A developmental electro-optical system would enable remote real-time viewing of a scene through a multimode optical fiber, as though the fiber were a conventional image-transmitting optic like a lens or prism. The system is intended to be a prototype of fiber-optic imaging probes that could be made very thin and could be particularly useful as minimally invasive probes in medical diagnosis.
A previous version of the system was described in "Multimode Optical Fiber as Imaging Probe" (NPO-19671), NASA Tech Briefs, Vol. 22, No. 2 (February 1998), page 21a. Both versions were conceived to address the following issue: It would be desirable to use an optical fiber as an imaging probe or imaging optic. Ordinarily, it would not be possible to do this because image information would become distorted (scrambled) during propagation along the fiber. The developmental system would make it possible by exploiting phase conjugation to reverse the scrambling.
The system (see figure) would include two multimode optical fibers, which would be terminated side by side at one end (location A) facing an object that one seeks to view. In the previous version, the tips of the fibers would face the object directly across a gap of width s. In the present version, a microelectromechanical Fabry-Perot interferometer (for use as described below) would be interposed between the tips of the fibers and the gap s. To ensure the coupling of sufficient phase information into and out of the fibers, the gap must very narrow; specifically, s << D2/ λ, where D is the aperture diameter of a fiber and λ is the wavelength of the light.

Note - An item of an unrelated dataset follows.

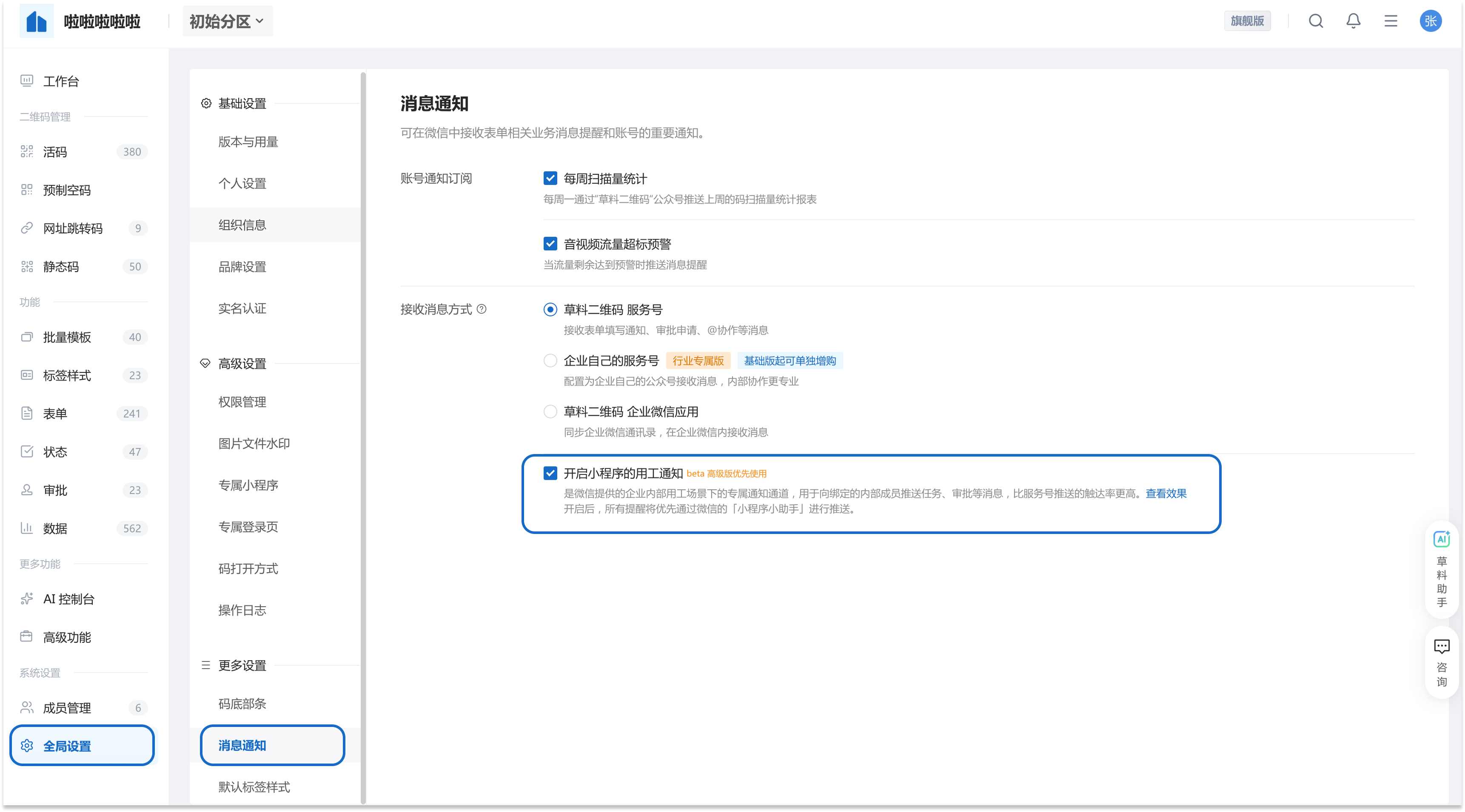1、管理员操作: 进入管理后台 -> 全局设置 -> 消息通知 -> 勾选 “开启用工提醒”。
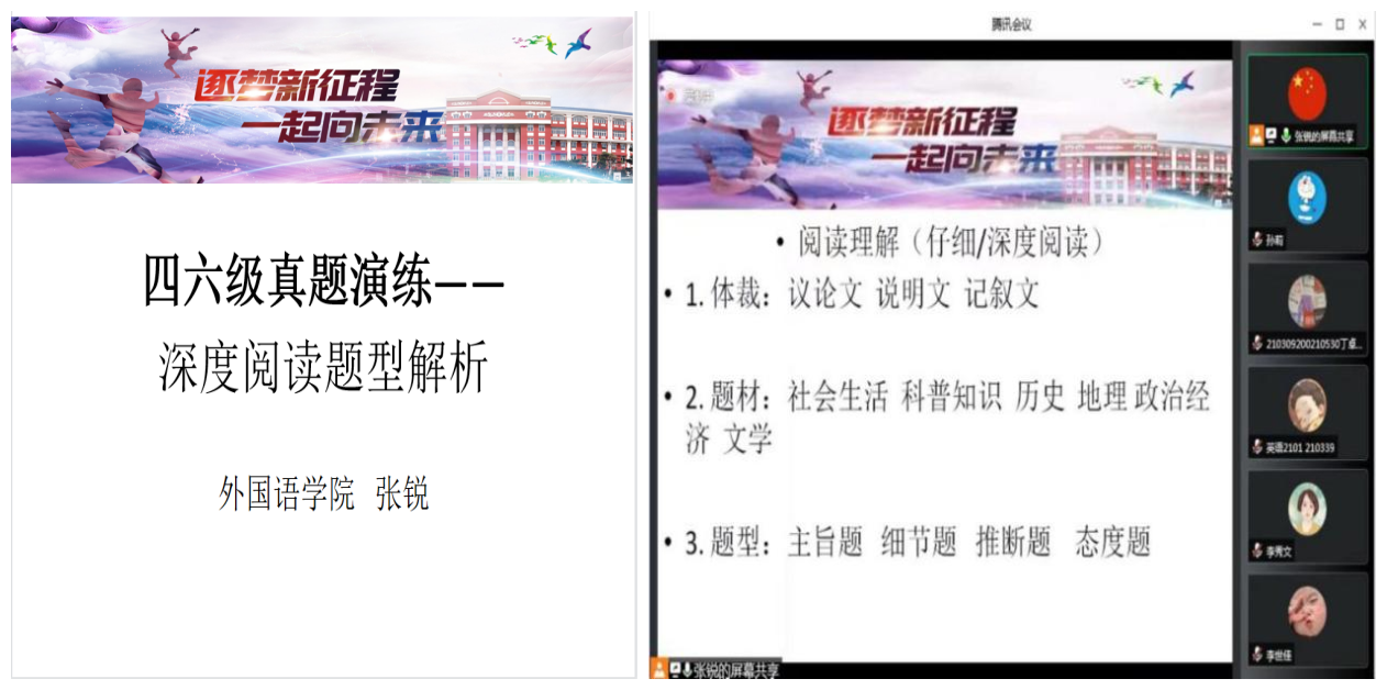 同时,欧冠投注官网入口部分青年教师也对讲座进行了观摩学习,促进了业务交流和教学反思。公共外语教学部赵雪老师表示,本次系列讲座不仅是特殊时期备考学生的“定心丸”,也为青年教师提供了精品课观摩和向“大咖”们取经的机会。像学生一样听课,除了获得教法的点拨,更深刻体会到了前辈们对教学的深耕和分享的热忱。作为青年教师更要精进业务,提升教学本领,服务人才培养和战“疫”大局。公共外语教学部班明霞老师表示,作为一名青年教师,切身感到此次系列讲座内容实用性佳、针对性强、涵盖面广,有效地助力了全校学生缓解学习压力、提高学习质效、提升大学英语四六级成绩,自身也受益匪浅。要主动参与疫情特殊时期的教育教学工作,坚决保证教学质量和效果,与校、院和广大同学同心战“疫”。

A source of light (in this case, a laser) at location C would illuminate the object via fiber 2. An observer at location B would attempt to view the illuminated object through fiber 1. The problem is to predistort the illumination (prescramble the amplitudes and phases of the fiber-optic waveguide modes of the illuminating electromagnetic field) in such a way as to compensate for the scrambling that occurs during transmission of the image along fiber 1 from A to B, so that the image of the object would arrive unscrambled at B.
The solution would involve the generation and use of a hologram in a phase-conjugating crystal (in this case, a photorefractive crystal) at location C during a calibration phase of operation. First, a flat mirror would be placed facing the tips of the optical fibers at location A, where the object would later be placed for viewing. A source of light would be placed at B, where the observer would later be stationed. Light from this source would travel through fiber 1 to A, where it would be reflected into fiber 2. Upon emerging from fiber 2 at C, the light would enter the crystal. At the same time, the crystal would be illuminated with a reference (plane-wave) beam of light. Interference between the reference beam and the light emerging from fiber 2 would produce the desired hologram via the photorefractive effect. The hologram would encode the information about scrambling in both fibers 1 and 2.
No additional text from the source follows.